## 1. Introduction

[2] Our knowledge of the spatial distribution of the physical properties of geologic formations is often uncertain because of ubiquitous heterogeneity and the sparsity of data. Geostatistics has become an invaluable tool for estimating such properties at points in a computational domain where data are not available, as well as for quantifying the corresponding uncertainty. Geostatistical frameworks treat a formation's properties, such as hydraulic conductivity *K*(**x**), as random fields that are characterized by multivariate probability density functions or, equivalently, by their joint ensemble moments. Thus, *K*(**x**) is assumed to vary not only across the real space coordinates **x**, but also in probability space (this variation may be represented by another coordinate ξ, which is usually suppressed to simplify notation).
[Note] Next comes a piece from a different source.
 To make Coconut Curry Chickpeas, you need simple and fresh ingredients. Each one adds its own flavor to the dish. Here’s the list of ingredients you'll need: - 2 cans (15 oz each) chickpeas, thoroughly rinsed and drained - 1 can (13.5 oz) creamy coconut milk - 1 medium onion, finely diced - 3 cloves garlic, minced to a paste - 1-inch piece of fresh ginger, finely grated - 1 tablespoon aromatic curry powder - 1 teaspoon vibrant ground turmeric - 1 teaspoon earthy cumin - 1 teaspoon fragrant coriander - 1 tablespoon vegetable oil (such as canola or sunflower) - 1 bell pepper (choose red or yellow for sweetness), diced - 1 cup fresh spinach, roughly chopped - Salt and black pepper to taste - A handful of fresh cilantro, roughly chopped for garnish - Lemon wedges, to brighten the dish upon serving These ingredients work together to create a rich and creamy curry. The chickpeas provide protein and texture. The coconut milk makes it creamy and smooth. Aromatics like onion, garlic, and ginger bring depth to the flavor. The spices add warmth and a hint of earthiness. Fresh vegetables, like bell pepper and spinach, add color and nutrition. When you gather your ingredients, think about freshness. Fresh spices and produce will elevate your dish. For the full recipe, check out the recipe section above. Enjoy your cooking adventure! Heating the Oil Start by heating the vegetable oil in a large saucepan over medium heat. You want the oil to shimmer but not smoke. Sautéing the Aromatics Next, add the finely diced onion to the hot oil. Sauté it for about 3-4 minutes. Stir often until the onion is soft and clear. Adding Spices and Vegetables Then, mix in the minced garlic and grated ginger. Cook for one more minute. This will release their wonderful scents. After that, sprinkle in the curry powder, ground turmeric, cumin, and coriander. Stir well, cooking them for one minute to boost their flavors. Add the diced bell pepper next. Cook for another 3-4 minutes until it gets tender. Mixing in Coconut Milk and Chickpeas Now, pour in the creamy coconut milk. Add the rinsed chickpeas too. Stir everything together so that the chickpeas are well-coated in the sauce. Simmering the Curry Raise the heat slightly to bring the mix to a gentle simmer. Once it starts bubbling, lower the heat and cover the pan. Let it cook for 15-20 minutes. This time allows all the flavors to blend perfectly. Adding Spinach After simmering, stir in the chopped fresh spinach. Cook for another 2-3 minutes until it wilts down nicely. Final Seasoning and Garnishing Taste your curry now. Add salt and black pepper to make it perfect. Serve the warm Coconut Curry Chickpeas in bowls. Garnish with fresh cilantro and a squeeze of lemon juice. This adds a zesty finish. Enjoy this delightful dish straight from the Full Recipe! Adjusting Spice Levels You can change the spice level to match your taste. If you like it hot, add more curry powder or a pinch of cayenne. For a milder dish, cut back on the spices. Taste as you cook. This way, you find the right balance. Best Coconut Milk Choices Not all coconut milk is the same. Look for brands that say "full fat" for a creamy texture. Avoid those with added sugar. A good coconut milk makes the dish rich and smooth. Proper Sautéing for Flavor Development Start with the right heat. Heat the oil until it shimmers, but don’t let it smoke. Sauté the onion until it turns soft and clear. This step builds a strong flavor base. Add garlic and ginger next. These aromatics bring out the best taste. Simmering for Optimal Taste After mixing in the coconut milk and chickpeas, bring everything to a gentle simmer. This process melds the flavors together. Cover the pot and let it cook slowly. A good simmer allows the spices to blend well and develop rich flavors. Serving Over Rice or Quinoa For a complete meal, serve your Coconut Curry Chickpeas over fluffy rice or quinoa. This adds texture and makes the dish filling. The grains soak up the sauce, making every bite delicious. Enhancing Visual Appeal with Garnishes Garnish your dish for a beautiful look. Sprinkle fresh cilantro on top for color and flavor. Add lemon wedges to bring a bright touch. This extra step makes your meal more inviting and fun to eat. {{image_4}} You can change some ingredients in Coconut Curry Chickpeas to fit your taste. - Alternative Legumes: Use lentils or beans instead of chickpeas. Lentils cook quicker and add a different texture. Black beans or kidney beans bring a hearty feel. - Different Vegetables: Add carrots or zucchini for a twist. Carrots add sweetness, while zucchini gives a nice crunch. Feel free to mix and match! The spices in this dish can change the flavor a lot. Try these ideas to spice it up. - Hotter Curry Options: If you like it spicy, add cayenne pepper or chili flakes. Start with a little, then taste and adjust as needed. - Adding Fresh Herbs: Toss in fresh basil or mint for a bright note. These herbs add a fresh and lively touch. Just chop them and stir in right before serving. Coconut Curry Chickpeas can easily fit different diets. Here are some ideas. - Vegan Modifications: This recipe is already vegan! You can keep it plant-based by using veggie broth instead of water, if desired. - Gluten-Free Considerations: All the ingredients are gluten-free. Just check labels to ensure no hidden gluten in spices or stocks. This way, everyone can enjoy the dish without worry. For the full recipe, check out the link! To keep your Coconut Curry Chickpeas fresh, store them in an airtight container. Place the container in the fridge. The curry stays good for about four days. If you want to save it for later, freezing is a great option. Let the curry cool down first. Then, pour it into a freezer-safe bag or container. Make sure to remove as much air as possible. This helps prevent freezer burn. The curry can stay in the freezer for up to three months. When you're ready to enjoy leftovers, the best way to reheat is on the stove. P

Whereas spatial moments of *K* are obtained by sampling *K*(**x**) in real space (across **x**), its ensemble moments are defined in terms of samples collected in probability space (across ξ). Since in reality only a single *realization* of a geologic site exists, it is necessary to invoke the ergodicity hypothesis in order to substitute the sample spatial statistics, which can be calculated, for the ensemble statistics, which are actually required. Ergodicity cannot be proved and requires a number of modeling assumptions [*Rubin*, 2003, section 2.7, and references therein].

[3] Machine learning provides an alternative to the geostatistical framework, allowing one to make predictions in the absence of sufficient data parameterization, without treating geologic parameters as random and, hence, without the need for the ergodicity assumptions. Intimately connected to the field of pattern recognition, machine learning refers to a family of computational algorithms for data analysis that are designed to automatically tune themselves in response to data. Neural networks [*Bishop*, 1995] are an example of such a class of algorithms that has found its way into hydrologic modeling. While versatile and efficient for many important applications, such as the delineation of geologic facies [*Moysey et al.*, 2003], the theory of neural networks remains to a large extent empirical in this context.

[4] Here we introduce another subset of the machine learning techniques — the Support Vector Machine (SVM) and its mathematical underpinning, the Statistical Learning Theory (SLT) of *Vapnik* [1998] — which is ideally suited for the problem of facies delineation in geologic formations. While similar to neural networks in its goals, the SVM is firmly grounded in rigorous mathematical analysis, which allows one not only to assess its performance but to bound the corresponding errors as well. Like other machine learning techniques, the SVM and SLT enable one to treat the subsurface environment and its parameters as deterministic. Uncertainty associated with insufficient data parameterization is then represented by treating sampling locations as a random subset of all possible measurement locations. Since such a formulation is ideally suited for hydrologic applications, the use of the SVM in the context of subsurface imaging deserves to be fully explored. This letter is the first step in this direction.

[5] We consider an idealized problem of identifying a boundary between two geologic facies from a sparsely sampled parameter *K*. We formulate the problem in Section 2, and provide a brief description of a geostatistical approach to its solution in Section 3. Section 4 introduces Support Vector Machines, which we use in Section 5 to estimate the boundary between the two heterogeneous facies in a simulated problem.